Kiriman : Ni Luh Kadek Resi Kerdiati (Program Studi Desain Interior Fakultas Seni Rupa dan Desain Institut Seni Indonesia Denpasar)
ABSTRAK
Material ekologis adalah jenis material ramah lingkungan yang berasal dari alam dan tidak mengandung zat-zat yang berbahaya bagi kesehatan. Ciri material ekologis adalah proses produksi yang hemat energi, tidak mencemari lingkungan, memanfaatkan sumber daya alam setempat atau lokal, mengalami trasformasi sederhana dan dapat dikembalikan lagi ke alam. Tanah liat merupakan salah satu jenis material yang dapat digolongkan sebagai material ekologis. Penggunaan tanah liat sebagai material bangunan bukanlah sebuah hal baru, material ini telah banyak digunakan sebagai bahan bangunan sejak jaman dahulu dan terbukti memiliki berbagai keunggulan.

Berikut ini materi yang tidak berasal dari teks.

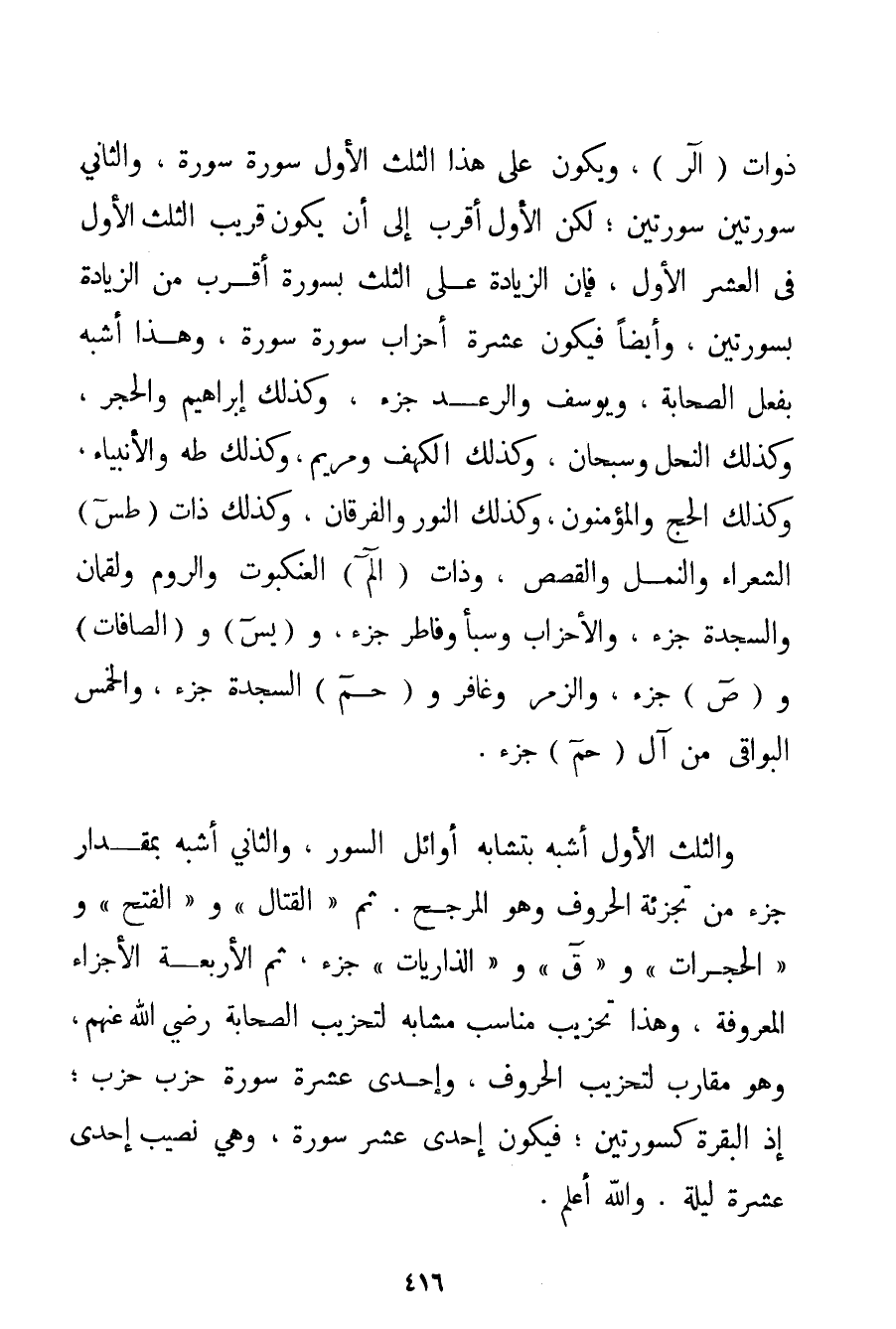 ذَوَاتِ {الر} وَيَكُونُ عَلَى هَذَا الثُّلُثُ الْأَوَّلُ سُورَةً سُورَةً وَالثَّانِي سُورَتَيْنِ سُورَتَيْنِ؛ لَكِنَّ الْأَوَّلَ أَقْرَبُ إلَى أَنْ يَكُونَ قَرِيبَ الثُّلُثِ الْأَوَّلِ فِي الْعُشْرِ الْأَوَّلِ فَإِنَّ الزِّيَادَةَ عَلَى الثُّلُثِ بِسُورَةِ أَقْرَبُ مِنْ الزِّيَادَةِ بِسُورَتَيْنِ وَأَيْضًا فَيَكُونُ عَشَرَةُ أَحْزَابٍ سُورَةً سُورَةً وَهَذَا أَشْبَهُ بِفِعْلِ الصَّحَابَةِ وَيُوسُفُ وَالرَّعْدُ جُزْءٌ وَكَذَلِكَ إبْرَاهِيمُ وَالْحِجْرُ وَكَذَلِكَ النَّحْلُ وَسُبْحَانَ وَكَذَلِكَ الْكَهْفُ وَمَرْيَمُ وَكَذَلِكَ طَه وَالْأَنْبِيَاءُ وَكَذَلِكَ الْحَجُّ وَالْمُؤْمِنُونَ وَكَذَلِكَ النُّورُ وَالْفُرْقَانُ وَكَذَلِكَ ذَاتُ {طس} الشُّعَرَاءُ وَالنَّمْلُ وَالْقَصَصُ وَذَاتُ {الم} الْعَنْكَبُوتُ وَالرُّومُ وَلُقْمَانُ وَالسَّجْدَةُ جُزْءٌ وَالْأَحْزَابُ وَسَبَأٌ وَفَاطِرٌ جُزْءٌ ويس وَالصَّافَّاتُ وَصِّ جُزْءٌ وَالزُّمَرُ وَغَافِرٌ وحم السَّجْدَةُ جُزْءٌ وَالْخَمْسُ الْبَوَاقِي مِنْ آلِ حم جُزْءٌ. وَالثُّلُثُ الْأَوَّلُ أَشْبَهُ بِتَشَابُهِ أَوَائِلِ السُّوَرِ وَالثَّانِي أَشْبَهُ بِمِقْدَارِ جُزْءٍ مِنْ تَجْزِئَةِ الْحُرُوفِ وَهُوَ الْمُرَجَّحُ. ثُمَّ " الْقِتَالُ " و " الْفَتْحُ " و " الْحُجُرَاتُ " و " ق " و " الذَّارِيَاتُ " جُزْءٌ ثُمَّ الْأَرْبَعَةُ الْأَجْزَاءُ الْمَعْرُوفَةُ وَهَذَا تَحْزِيبٌ مُنَاسِبٌ مُشَابِهٌ لِتَحْزِيبِ الصَّحَابَةِ رَضِيَ اللَّهُ عَنْهُمْ وَهُوَ مُقَارِبٌ لِتَحْزِيبِ الْحُرُوفِ وَإِحْدَى عَشْرَةَ سُورَةً حِزْبٌ حِزْبٌ؛ إذْ الْبَقَرَةُ كَسُورَتَيْنِ؛ فَيَكُونُ إحْدَى عَشْرَةَ سُورَةً وَهِيَ نَصِيبُ إحْدَى عَشْرَةَ لَيْلَةً. وَاَللَّهُ أَعْلَمُ.

Tulisan ini akan membahas lebih lanjut mengenai penggunaan material tanah liat tersebut sebagai bahan bangunan yang bersifat ekologis. Menggunakan kajian dari beberapa sumber pustaka terkait, akan dipaparkan mengenai posisi tanah liat sebagai material ekologis, karakteristik, teknik pengolahan, serta penggunaan tanah liat dalam desain bangunan. Pembahasan mengenai tanah liat sebagai salah satu material ekologis menjadi menarik untuk diketahui, karena secara tidak langsung akan mengarah pada isu-isu kerusakan lingkungan dan sangat berpengaruh pada kualitas hidup manusia.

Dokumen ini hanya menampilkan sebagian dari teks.